In diversi contesti, compreso quello associativo, di cui mi onoro di far parte, ho sempre manifestato l’idea che ogni dirigente scolastico avrebbe saputo fare anche il resto, cioè garantire una dignitosa scuola in presenza, se solo avesse avuto la “ cassetta degli attrezzi” per correre ai ripari:

  • Un aumento temporaneo, ma consistente, degli organici , modello Germania o Austria con incremento dal 30 al 50 % della dotazione, a seconda del tipo di scuola, in maniera da poter organizzare gruppi distanziati nello spazio e nel tempo, due categorie che già Aristotele poneva alla base di ogni ragionamento valido.
  • La possibilità di agire direttamente sulle criticità, come, ad esempio, i trasporti, utilizzando gli strumenti della normativa semplificata dei contratti pubblici, con affidamenti diretti fino a 75.000 euro, ed in maniera da alleggerire i trasporti pubblici e/o coprire fasce orarie, funzionali alla scuola riorganizzata, senza caricare di difficoltà le famiglie e le comunità locali.
  • Il conferimento di maggiori poteri temporanei ai dirigenti scolastici, nell’unica sensata direzione, quella di non dover dimostrare solo “di aver fatto le delibere” negli organi competenti ma di aver agito per garantire il servizio scolastico in piena legalità ma con la indispensabile elasticità, visto che sarebbe stato difficile mettere d’accordo le comunità educanti su decisioni impopolari o inusuali. Quando chiamati, all’inizio dell’emergenza, direttamente a garantire la didattica a distanza dalla sera alla mattina, mi sovviene che i dirigenti scolastici non si persero d’animo e non abusarono, in nessun modo, delle loro prerogative.

Nei contesti, nei quali sono state avanzate queste proposte, era prevedibile lo scetticismo; ha destato meraviglia trovare una decisa contrapposizione, talmente decisa da sollecitare il ritiro in buon ordine di proposte probabilmente troppo temerarie per una scuola che aspetta volentieri ordini dall’alto.

E arriveranno molto presto gli ordini dall’alto. Il governo, nel segno della più fulgida restaurazione, affiderà ai Prefetti il coordinamento delle operazioni per il rientro a scuola degli studenti nelle rispettive province.

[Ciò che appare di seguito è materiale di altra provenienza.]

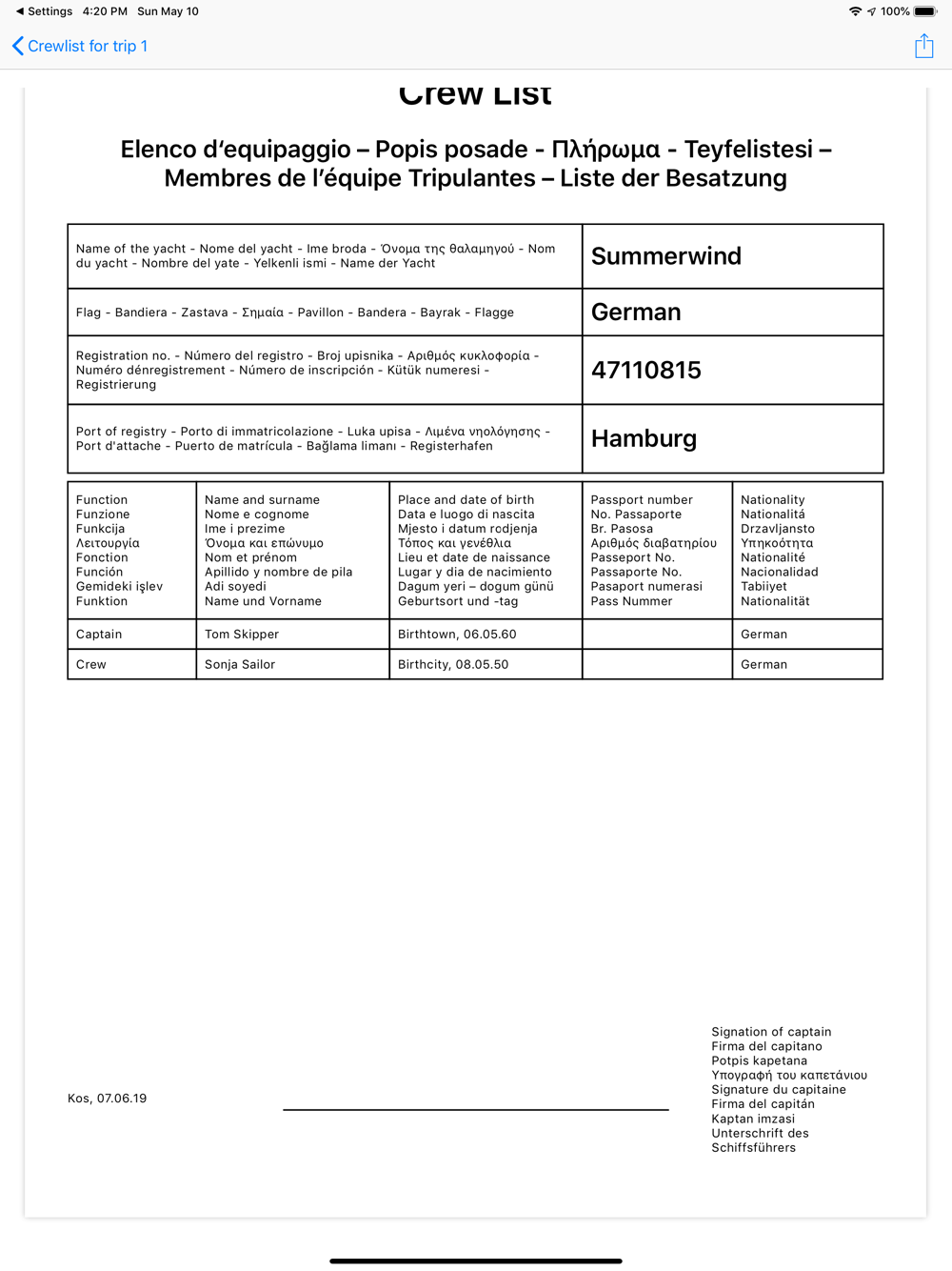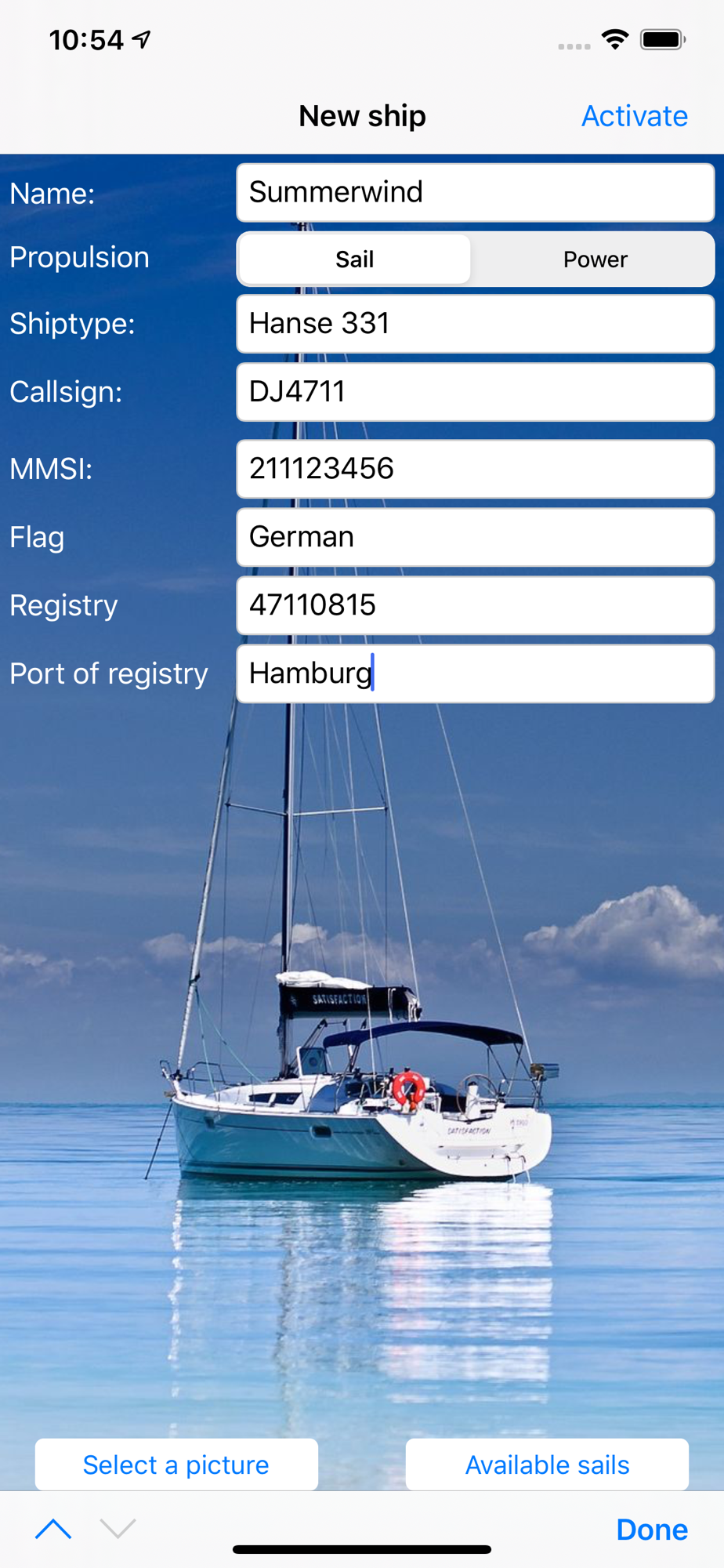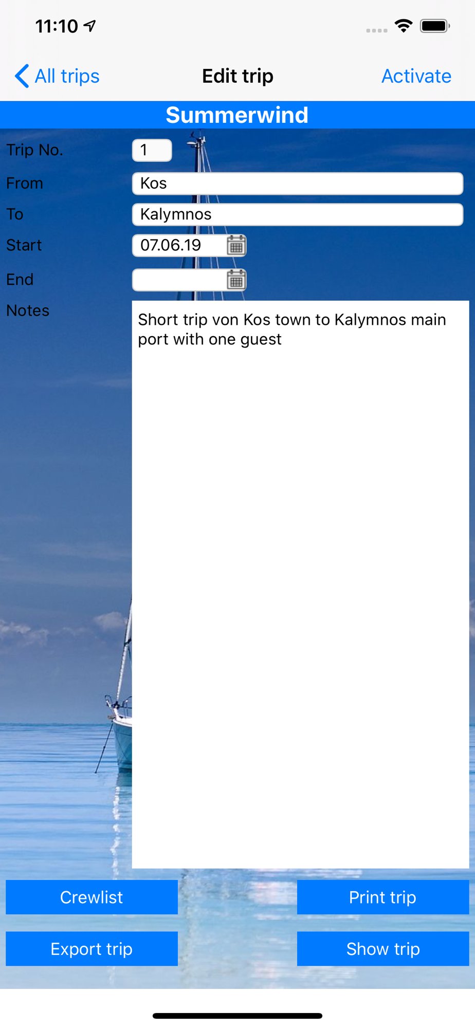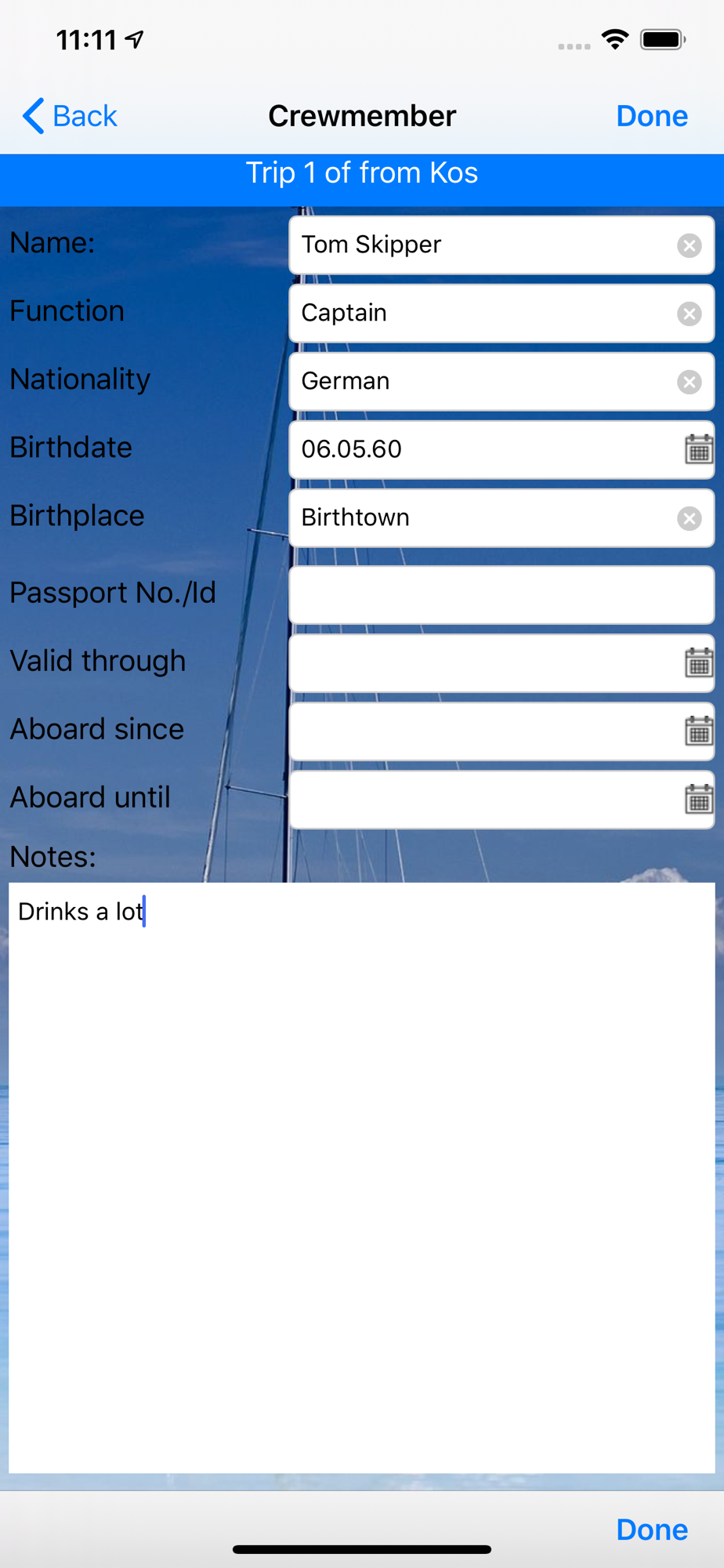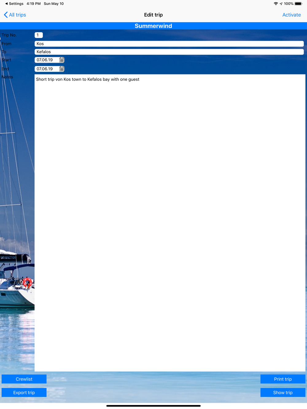 The free version of this app is limited to 1 ship, 1 trip and 40 manual log entries. Enough for a one or two week charter trip. No NMEA data are processed in the free app.

Saranno istituite cabine di regia sotto il coordinamento degli ecc. mi funzionari governativi che, forti dei loro uffici di diretta collaborazione con la presidenza del Consiglio dei ministri, garantiranno la corretta gestione, nei territori, delle attività per la ripresa della scuola, quella vera, fatta di orari, programmi e organizzazione decisa da chi sa fare bene e meglio.

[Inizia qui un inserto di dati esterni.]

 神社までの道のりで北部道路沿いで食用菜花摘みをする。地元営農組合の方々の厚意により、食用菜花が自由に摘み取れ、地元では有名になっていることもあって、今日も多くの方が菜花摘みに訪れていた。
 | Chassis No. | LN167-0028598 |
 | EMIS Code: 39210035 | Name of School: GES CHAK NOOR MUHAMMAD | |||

In quale misura resterà visibile ed quanto rimarrà accettabile la dignità istituzionale che l’autonomia e la dirigenza avevano inteso conferire alla scuola, per consentirle di adempiere al meglio alla funzione di organo costituzionale dello Stato?

Immagino che, da qualche parte, stia anche iniziando la corsa per far parte della cabina di regia prefettizia. Si sa che la partecipazione è sempre un buon titolo da aggiungere al curriculum, anche restando in deferente silenzio.